(Dataset excerpts)
##############################

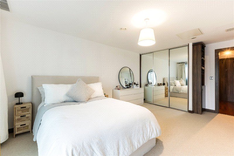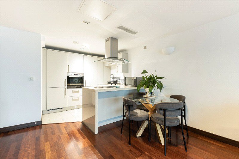 Designed to maximise light and the river outlook, the apartment features a generous open-plan integrated kitchen with breakfast bar and reception room with wood flooring. An ideal space for everyday living and entertaining. Ceiling to floor windows and a private winter garden (enclosed balcony) overlook the Thames, providing an excellent spot to enjoy the outlook whatever the weather.
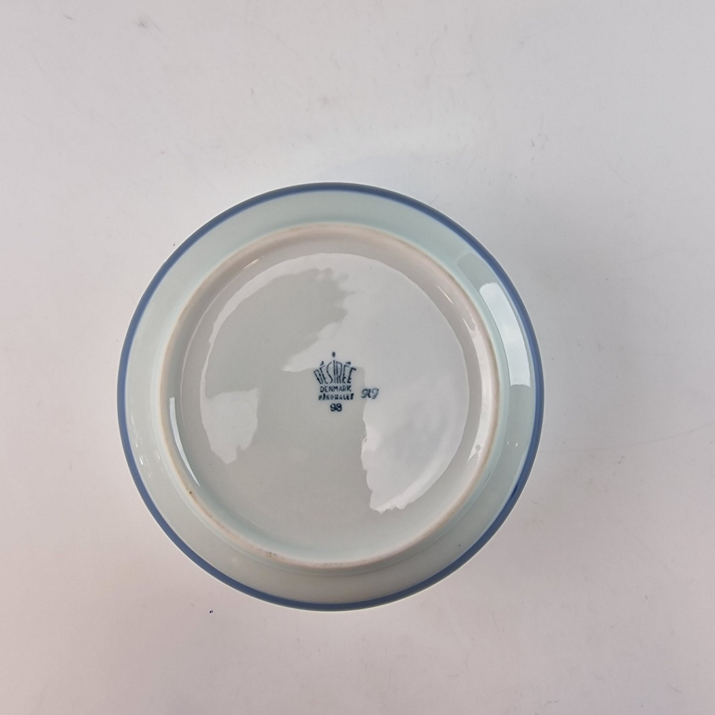 Stellets runde former er dækket med en silkeblød glasur og håndmalet med er lys almueblå farve lagt under glasuren. Stellet er ovnfast
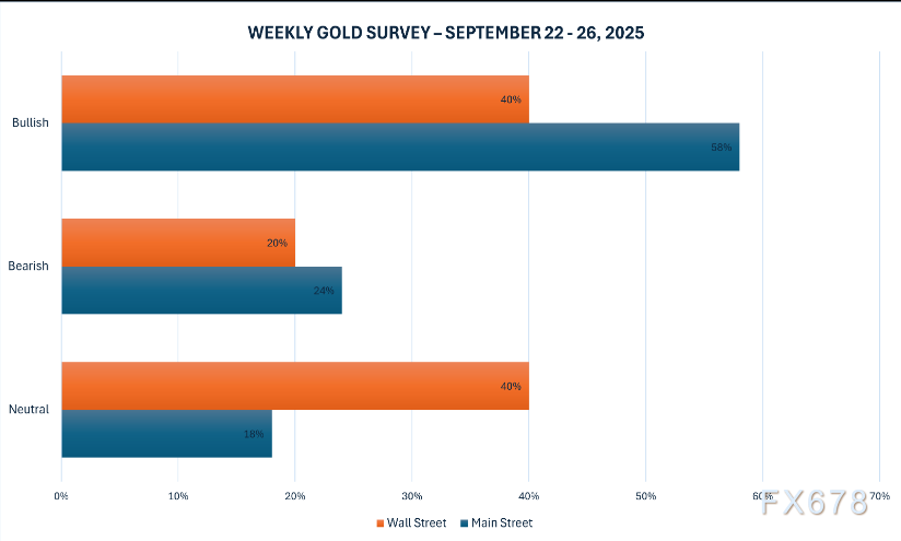 Kitco News的最新周度黄金调查捕捉了市场情绪的微妙转变。在美联储降息后,华尔街分析师回归中性偏见,40%预期未来一周金价上涨,20%看跌,40%认为横盘。散户投资者也冷却热情,58%看好上涨,24%预测下跌,18%预期盘整。这比此前狂热看涨有所回落,许多专家如Colin Cieszynski认为,金价大涨后需休整,尤其在季度末新闻流放缓之际。Philippe Gijsels预计金价短期在3600美元附近徘徊,但长期支撑强劲,因为下次降息指日可待。
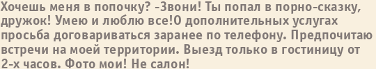 Множество очаровательных проституток и путан ждет Вас в гости. Займитесь сексом с ними и окунитесь в мир безумной любви и страсти, а наш сайт поможет Вам в этом!
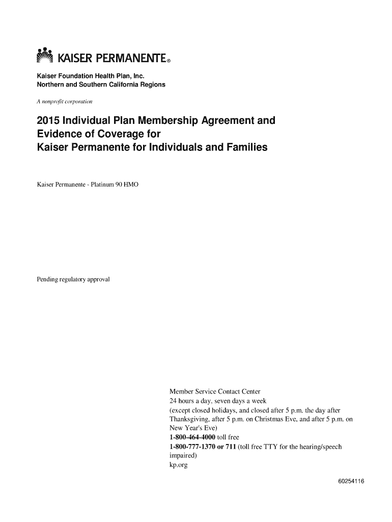 Get the free Kaiser Permanente - 2015 Individual Plan Membership Agreement and Evidence of Covera...

##############################

None of the pictures should be carried over when the data above is transcribed exactly.

*PROBLEM SOLUTION*:
 Designed to maximise light and the river outlook, the apartment features a generous open-plan integrated kitchen with breakfast bar and reception room with wood flooring. An ideal space for everyday living and entertaining. Ceiling to floor windows and a private winter garden (enclosed balcony) overlook the Thames, providing an excellent spot to enjoy the outlook whatever the weather.
 Stellets runde former er dækket med en silkeblød glasur og håndmalet med er lys almueblå farve lagt under glasuren. Stellet er ovnfast
 Kitco News的最新周度黄金调查捕捉了市场情绪的微妙转变。在美联储降息后,华尔街分析师回归中性偏见,40%预期未来一周金价上涨,20%看跌,40%认为横盘。散户投资者也冷却热情,58%看好上涨,24%预测下跌,18%预期盘整。这比此前狂热看涨有所回落,许多专家如Colin Cieszynski认为,金价大涨后需休整,尤其在季度末新闻流放缓之际。Philippe Gijsels预计金价短期在3600美元附近徘徊,但长期支撑强劲,因为下次降息指日可待。
 Множество очаровательных проституток и путан ждет Вас в гости. Займитесь сексом с ними и окунитесь в мир безумной любви и страсти, а наш сайт поможет Вам в этом!
 Get the free Kaiser Permanente - 2015 Individual Plan Membership Agreement and Evidence of Covera...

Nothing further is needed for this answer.